Conozco mucha gente de esa parte del mundo (parte sur de américa...) totalmente integrada en este país, felices acá... Quizás coman silpanchos, o arepas, o yuca, pero a todos los demás efectos, españoles de a pie. Exactamente como yo.

Claro que debemos unirnos ahora y siempre ante el racismo. Por eso me inquieta percibir como esta agresión se está utilizando por algunos grupos (de inmigrantes...) para separarnos mas. Eso es muy peligroso.

Sandra dijo...

Afortunadamente existen muchos ejemplos de integración plena de inmigrantes en España dignos de mencionar pero, lejos de parecer catastrofista, se avecinan malos tiempos para este fenómeno. El Gobierno de Zapatero ha puesto en marcha unas Políticas Sociales a favor de los inmigrantes que lejos de provocar la tan deseada integración lo que han conseguido es crear desconfianza entre los nacionales. Este tipo de políticas se implantaron hace años a favor de la etnia gitana y cuando yo era pequeña ya a los niños se nos enseñaba que dichas personas de etnia gitana conseguían determinados beneficios como una casa o un empleo sin merecérselo y en detrimento de los españoles. En los últimos tiempos he vuelto a escuchar tales comentarios de manera cada vez más frecuente pero dirigidos a los inmigrantes. Debido a mi profesión me tengo que relacionar con personas de otros países, incluso he conocido a muchas de Cochabamba(jugarretas del destino que me impiden olvidar cosas que debería haber dejado atrás)y compruebo día a día la discriminación que sufren, y no me refiero sólo a discriminación por parte de la población de a pie. Tengo como compañeros a profesionales que, si bien por la propia ética de su profesión deberían ser los primeros en apostar y luchar por la igualdad y una integración de culturas pacífica, opinan que las diferencias entre personas de distintos países resultan irreconciliables.
Estoy completamente de acuerdo contigo Fadrique en que el miedo a lo diferente ejerce mucho poder entre las personas, de cualquier nacionalidad.

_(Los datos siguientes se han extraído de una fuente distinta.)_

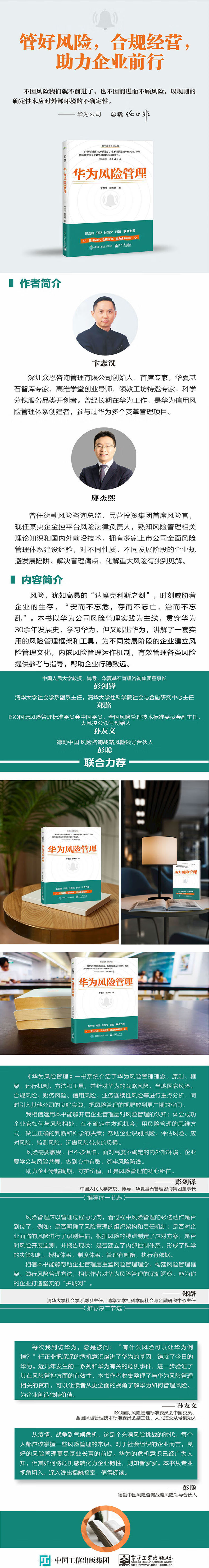 风险,犹如高悬的“达摩克利斯之剑”,时刻威胁着企业的生存,“安而不忘危,存而不忘亡,治而不忘乱”。本书以华为公司风险管理实践为主线,贯穿华为30余年发展史,学习华为,但又跳出华为,讲解了一套实用的风险管理框架和工具,为不同发展阶段的企业建立风险管理文化,内嵌风险管理运作机制,有效管理各类风险提供参考与指导,帮助企业行稳致远。
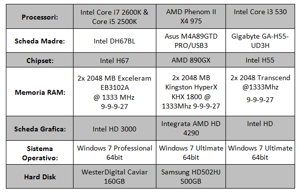 Tutti I test si sono svolti sulle seguenti piattaforme:
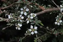 Leptospermum divaricatum is a species of plant that is endemic to inland New South Wales. It is an erect or weeping shrub with compact fibrous bark, elliptical to egg-shaped leaves, white flowers arranged singly on short axillary side shoots and woody fruit that fall off when mature.
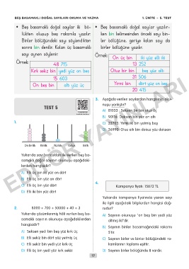 BEŞ BASAMAKLI DOĞAL SAYILARI OKUMA VE YAZMA 1. ÜNİTE – 5. TEST
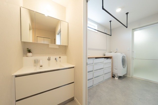 洗面所と脱衣室スペースを分けたことで生まれたストレスフリーな生活。
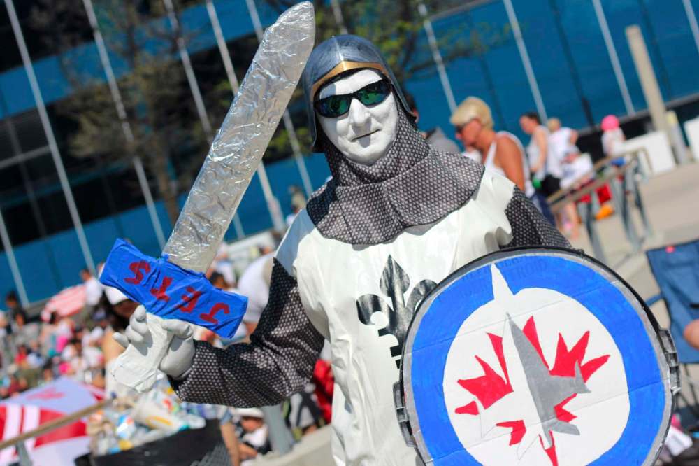 Cam Scott was still smiling post-defeat, his reddish lipstick adding flair. Scott dressed as Queen Elizabeth II in an homage to her giant portrait, which used to hang in the Winnipeg Arena. He posed for countless photos with Jets fans.
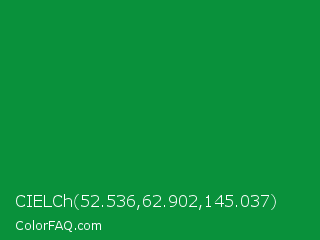 CIELCh 52.536,62.902,145.037 Color is a dark green color and the nearest color is North Texas Green #059033. Hex code #09913b and RGB value is rgb(9,145,59). In RGB color space, this color is composed of 4% red, 57% green, 23% blue, In CMYK color space, this color is composed of 94% cyan, 0% magenta, 59% yellow , 43% black , In HSL color space, this color has a hue angle of 142° , 88% saturation and 30% lightness.
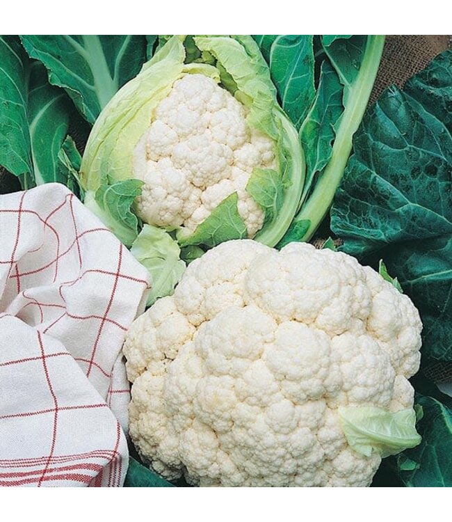Grande inflorescence blanche de bonne qualité. Se conserve bien sur le plant pendant plusieurs semaines. Semez à l'intérieur de 4 à 6 semaines avant le dernier gel. Pour que le chou-fleur conserve bien sa couleur attachez les feuilles au dessus de l'inflorescence.
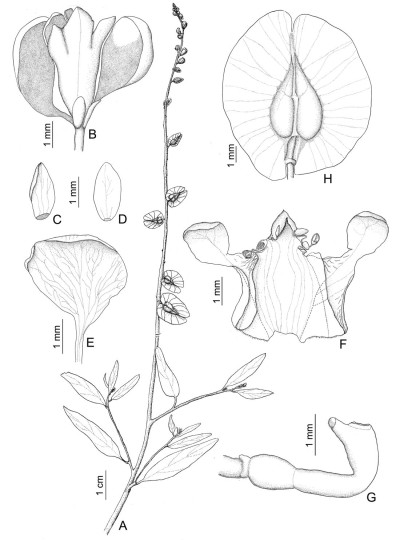 Hierbas de 13-90 cm de alto; tallos con pubescencia de tricomas glandulosos menores a 0,5 mm de largo. Hojas alternas; pecíolos de 2-3 mm de largo, pubescentes; láminas lanceoladas a oblongas, de 22-42 × 7-27 mm, ápice agudo a obtuso, mucronado, glabras o glabrescentes. Infl orescencias de 8-20 cm de largo; raquis pubescentes, nectarios extraflorales ausentes; brácteas triangulares, de 2-3,5 mm de largo, pubescentes; bractéolas de menor tamaño. Flores ca. 5 mm de largo, blancas a violáceas de ápice amarillento; pedicelos ca. 0,8 mm de largo; sépalos externos glabros; sépalo externo inferior elíptico, ca. 1,5-2 × 1 mm, ápice agudo; sépalos externos superiores elípticos, ca. 1,3 × 1 mm, ápice agudo; sépalos internos “alas” orbiculares, ca. 3,5 × 2,8 mm, ápice obtuso, glabros; quilla 3-lobulada ca. 3,8 mm de largo, pétalos laterales ca. 3 mm de largo, ápice obtuso, levemente pubescentes o glabros en la porción media adaxial, fusionados con la vaina estaminal; estambres 8, vaina estaminal ca. 2,5 mm de largo, porción libre de los filamentos estaminales separados entre sí en grupos de cuatro por una barra glabra en forma de capucha; ovario de contorno oblongo, ca. 1 × 0,9 mm, glabro; estilo curvo ca. 1,5 mm de largo, ensanchado distalmente, no auriculado, glabro, área estigmática con el lóbulo estéril agudo, lóbulo fértil 1-tuberculado. Fruto samaroide cordiforme, de 10-13 × 8-13 mm, simétrico, glabro. Semillas 2.
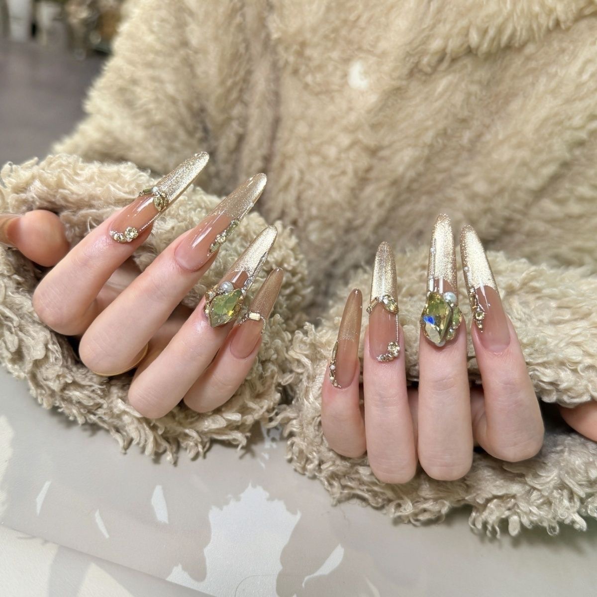 纯手工穿戴甲温柔风裸杏色香槟碎钻美甲显白气质细狗长尖秋冬款
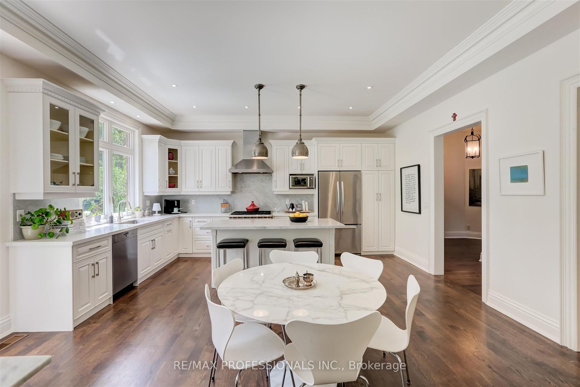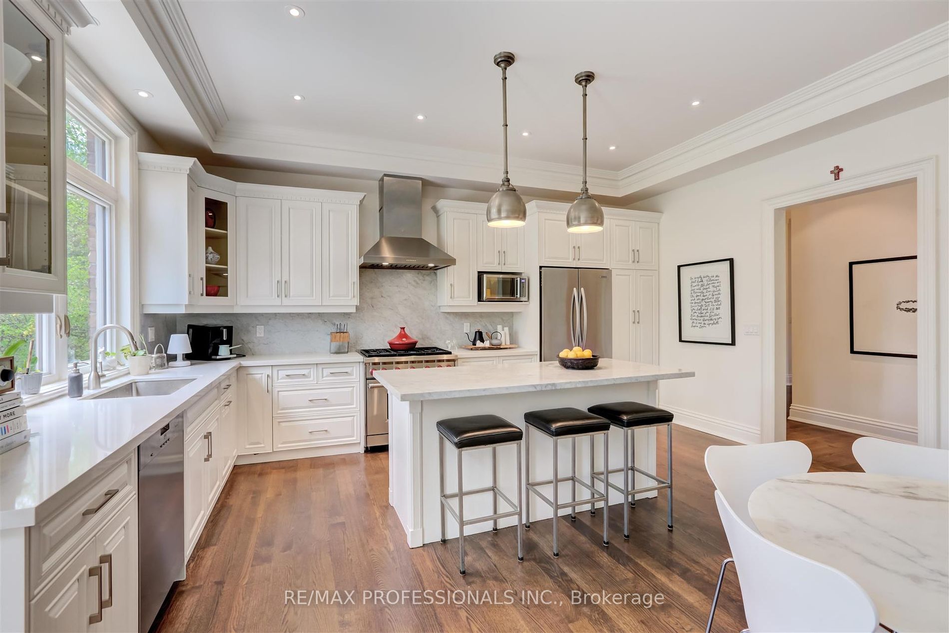 Fabulous Chestnut Hills custom home on a prime street. This spacious approx. 3750 sf home features four plus one bedrooms, 5 baths and 10′ ceilings on the main floor. A chefs eat-in kitchen combined with family room overlook the sunny, pool-sized landscaped south facing gardens and covered gazebo. The luxurious primary retreat with custom walk-in closet, 6 piece ensuite and yoga retreat/office area create a wonderful private space. A large lower level with rec room and bedroom plus ample storage provide 1700 sf of extra living space. It is a perfect house for families and entertaining. Walk to premium schools including ECI, Humber Valley, KCS, parks and transit
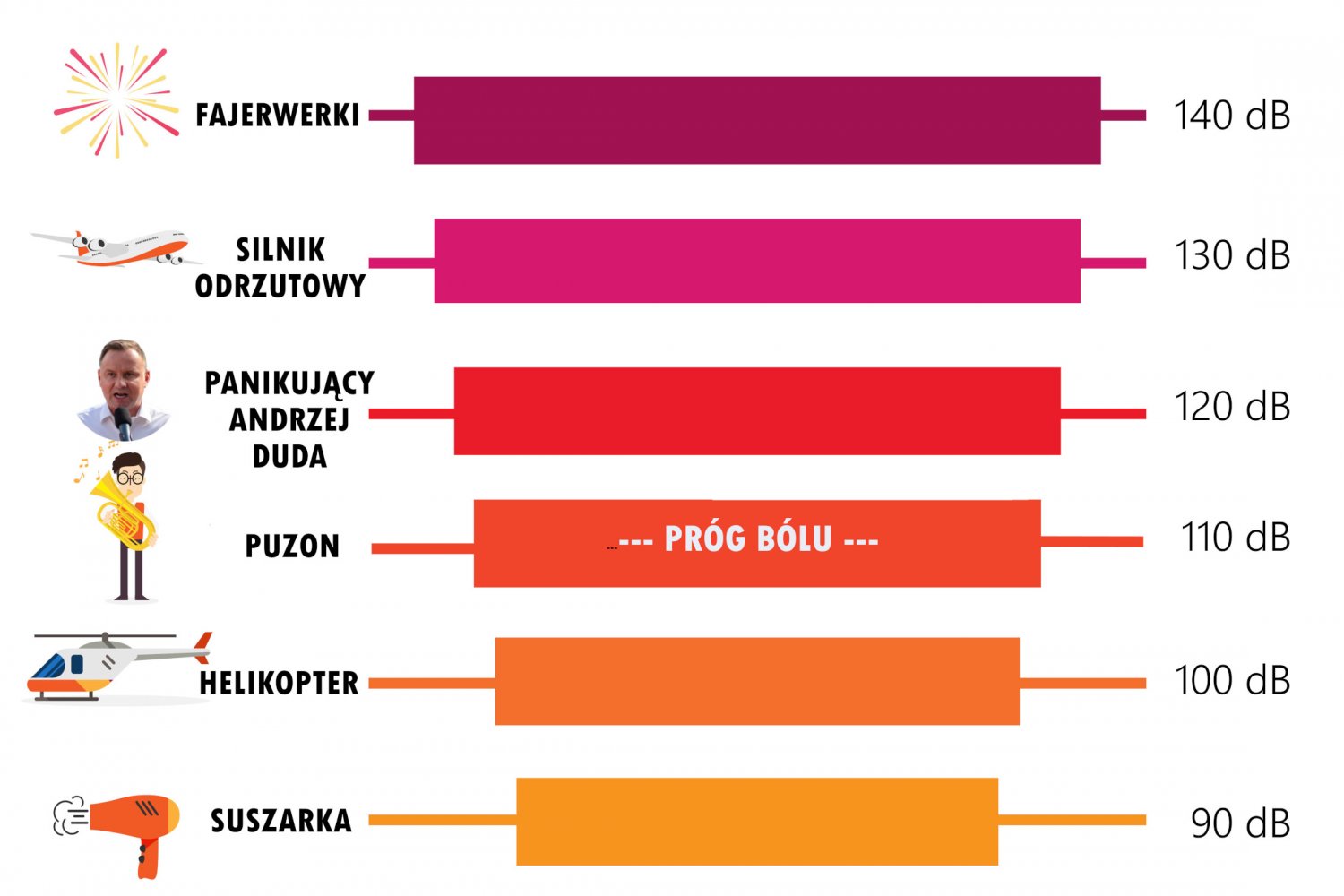 - O ile 10 decybeli to szelest liści przy łagodnym wietrze, a próg bólu zaczyna się powyżej 100 decybeli i słuchanego z bliska puzonu, to niepewny, spanikowany i wystraszony Andrzej Duda zbliżył się do dźwięku wydawanego przez startujący samolot - powiedział nam dr Tomasz Rafalski, laryngolog z Uniwersytetu Medycznego w Warszawie.

Fadriqve Iglesias Mendizábal dijo...

Julieta: Lógicamente yo casi invito a entrar en más estereotipos sin querer, lógicamente no todos ni la mayoría de los españoles son así, de hecho, he conocido gente como vos o como los amigos de Runners que son todo lo contrario, súper abiertos con los sudamericanos, y se siente bien. Y claro que hay gente perfectamente integrada, uno de ellos es mi ex compañero de habitación en Valladolid, el nadador Mauricio Prudencio, que ya es patrimonio de Pucela.

Sandra:

Es un tema complicado sobre todo si no se ha hecho nada previamente. Este "problema" debió detectarse hace tiempo y ahora sólo se reacciona. No se piensa en políticas sociales en los países de origen, se gigue protegiendo excesivamente a los agricultores en la UE y todo eso de los aranceles... Lamentable.
Y sí creo que hay modelos de integración. En EEUU hay partes desvertebradas, pero también hay casos exitosos... podemos integrarnos.